The most serious issue for us right now is clearing a path around those errors on the empty <mod> elements--what makes the most sense for us here?

raffazizzi commented 7 years ago

Sadly, because of decisions made before my time at MITH, S-GA files use a handful of non-TEI attributes (I think only on <surface>) that we can't easily get rid of because of our software pipeline. They're in their own namespace, so, while conformant, TEI_all won't validate the files.

I wonder if those empty mods are really necessary. They would be only necessary for aggregating <delSpan> or <addSpan> with another element.
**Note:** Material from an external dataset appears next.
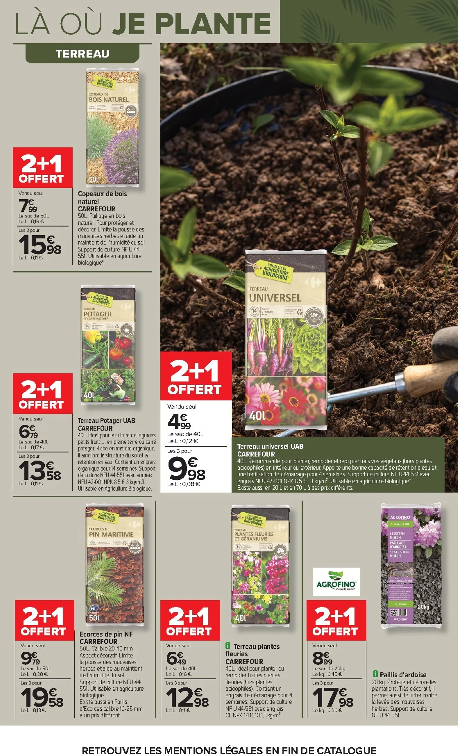 Parmi les promotions phares, ne manquez pas l’offre “-50% sur le deuxième article” sur une sélection de plantes à massif, idéales pour créer des parterres colorés. Pour nourrir vos plantations, Carrefour propose une opération “2+1 offert” sur le terreau universel UAB de 40L. Cette promotion est une aubaine pour tous les jardiniers souhaitant utiliser un produit de qualité, compatible avec l’agriculture biologique, sans se ruiner. C’est le moment de préparer la saison.

I'll have a look this week. @ebeshero good luck with the talk!

ebeshero commented 7 years ago

@raffazizzi thanks for taking a look...my sense was we might just want to revisit the project ODD to address the rng schema line trouble, but I didn't locate the ODD itself in the flurry of conference activity. We're on this afternoon--lots of slides to talk about! :-) (I am not talking about this stuff at all--just the general approach and issues of resolving the collation on two diff TEI encoding methods.)

ebeshero commented 7 years ago

@raffazizzi @Rikkm I'm reading the sga ODD files now--really helpful documentation! I'm also creating in this (Pgh Frankenstein) repo new files that validate (hopefully) to SGA project specs as we work, and I'd like to add a rule or two to guide our markup of word boundaries. I'll start a new issue on that. This is basically the first stage of distinguishing the Pgh_Frankenstein working files for collation from the SGA files themselves. Ultimately we'll be creating a set of files with markup that guides collation around word tokens (so we can reliably locate word boundaries around add, delete and line markup). @Rikkm and I agreed in our late July meeting, after some intensive document analysis, that we'll really need to do this work carefully by hand (it seems the most reliable way given the complexity of the diplomatic markup). I need to make sure we have some clear schema rules in place to guide the work on our end.